Laboratory Workflow: Culture Decisions and Quality Control
In the embryology laboratory, AI agents excel at multimodal data integration and proactive planning. When embryologists must select among multiple embryos, the AI agent synthesizes time-lapse morphokinetic parameters, parental genetic screening results, and prior cycle outcomes to generate structured, evidence-based priority recommendations with clear justifications.
For quality control, if an incubator shows minor temperature fluctuations, the AI agent not only issues timely alerts but also retrieves recent embryo development records from that device, assesses potential risks, and recommends mitigating actions.
Patient Care and Administration: Continuous Support and Operational Efficiency
For patient services, AI agents deliverproactive engagement and personalized responses. When a patient asks, “What should I prepare for tomorrow?” the AI agent tailors guidance based on their medication protocol, cycle stage, and past questions.
Beyond reactive replies, AI agents take initiative: sending reminders for missed medications, pushing follow-up notices after prolonged inactivity, and flagging abnormal follow-up data for clinician review. This shift from passive response to active management provides patients with consistent, compassionate support rather than impersonal automated messages.

Opportunities and Challenges
Looking ahead, AI agents hold vast potential across the entire assisted reproductive journey.
- Clinical decision-making: By integrating genetic testing, prior ART failure history, and endometrial receptivity data, AI agents can offer personalized recommendations for ovarian stimulation protocols and transfer timing, and support structured multidisciplinary discussions between reproductive medicine, endocrinology, and genetics specialists.
- Patient engagement: AI agents can manage patients proactively from initial consultation to post-transfer follow-up, delivering stage-specific guidance, monitoring medication adherence, and analyzing pregnancy outcome trends.
- Operational management: AI agents can optimize resource allocation and scheduling across clinics, operating rooms, and laboratories, reducing delays and errors caused by information silos.

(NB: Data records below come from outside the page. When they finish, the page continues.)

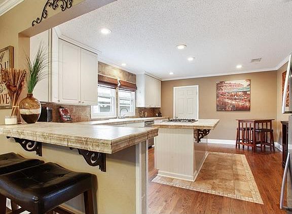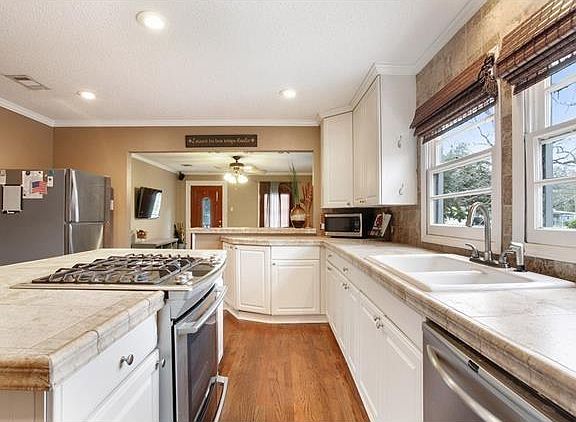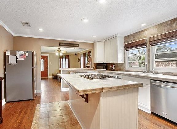 Raised cottage, renovated in 2000. 12 X 22 (273 s.f.) out building being used as man cave, could be office or MIL apartment. 12 X 8 shed, 20 X 15 tiled patio, 8 X 7 porch (none of which is included in living area). Kitchen has island on tile floor inlaid into oak floor, s/s gas stove, dishwasher, and fridge. Double paned vinyl windows, recessed lighting, cabinets to ceiling, crown molding, frosted glass light in front door. original-looking wood floors. Huge trees provide evening shade. Off street parking
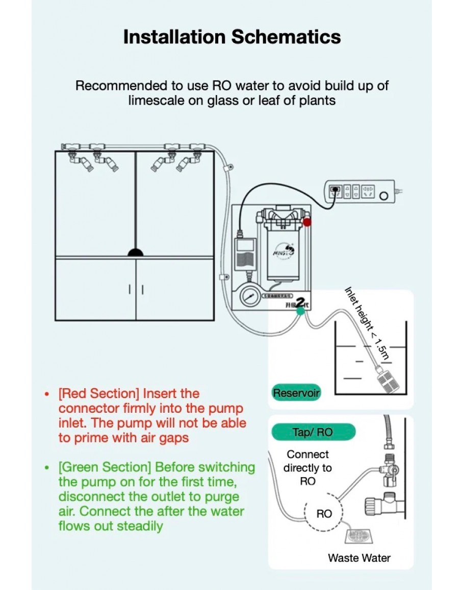 Size: 18.5cm X 7.5cm X 25.2cm Mode: Filter Inlet suction & Connect Tap Water 1) Model: D50 Power: 15W Voltage: 24V Flow rate: 60L/H Nozzle Supports: 1-6 ( normal suction situation) 6-12 ( high pressure situation) Package Contents: 1 x host 1 x PE water pipe (10 meters) 2 x tee 2 x elbow 2 x Hose block 10 x R-shaped clamps 10 x cable ties 1 x Filter Inlet 1 x 3 ways Valve 1 x pipe cutter 1 x Adapter with china 2 pins plug p/s: Nozzles are not included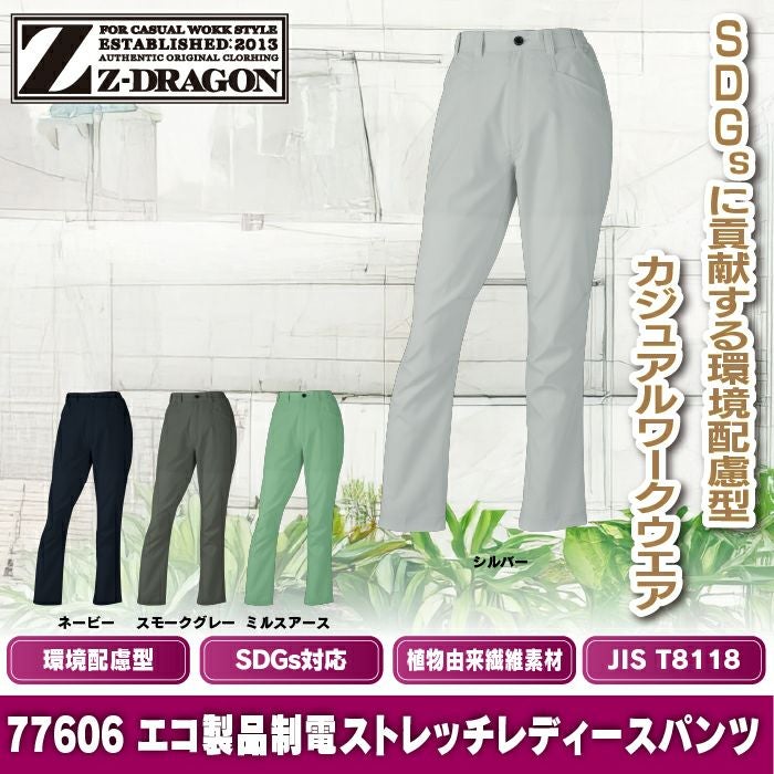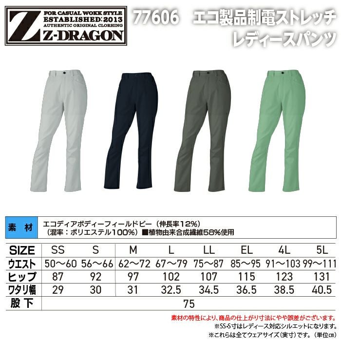自重堂 作業服 作業着 自重堂 Z-DRAGON ジードラゴン 作業服 春夏 77606 エコ製品制電ストレッチレディースパンツ(裏付) SS-LL 作業ズボン 作業着

- Collaborative innovation: Through privacy-preserving technologies such as federated learning, AI agents could aggregate clinical insights across fertility centers while protecting sensitive data, accelerating the validation and adoption of new techniques.
Nevertheless, significant challenges remain:
- Technical reliability: AI agents may produce “hallucinations”—plausible but incorrect information—which is unacceptable in high-stakes decisions such as stimulation dosing or embryo prioritization.
- Data interoperability: Assisted reproduction involves disconnected systems across clinics, operating rooms, and labs with inconsistent formats and limited integration, hindering end-to-end AI agent coordination.
- Privacy and security: Reproductive data, including gamete and embryo information, is highly sensitive. Widespread AI agent deployment amplifies privacy risks and demands rigorous protection.
- Clinical adoption: Gaining trust among clinicians, embryologists, and nursing staff requires sustained validation, education, and demonstration of real-world safety and utility of AI agents.
Conclusion
For assisted reproductive professionals, AI agents represent not a threat, but a powerful ally. They handle administrative burdens, provide decision support, and accelerate training for new team members, allowing medical staff to focus on what matters most: delivering empathetic, human-centered care.
Empowered by artificial intelligence, AI agents strive to help every family longing for a child access more professional, compassionate assisted reproductive services. This, ultimately, is the most promising vision brought by the rise of AI agents in reproductive medicine.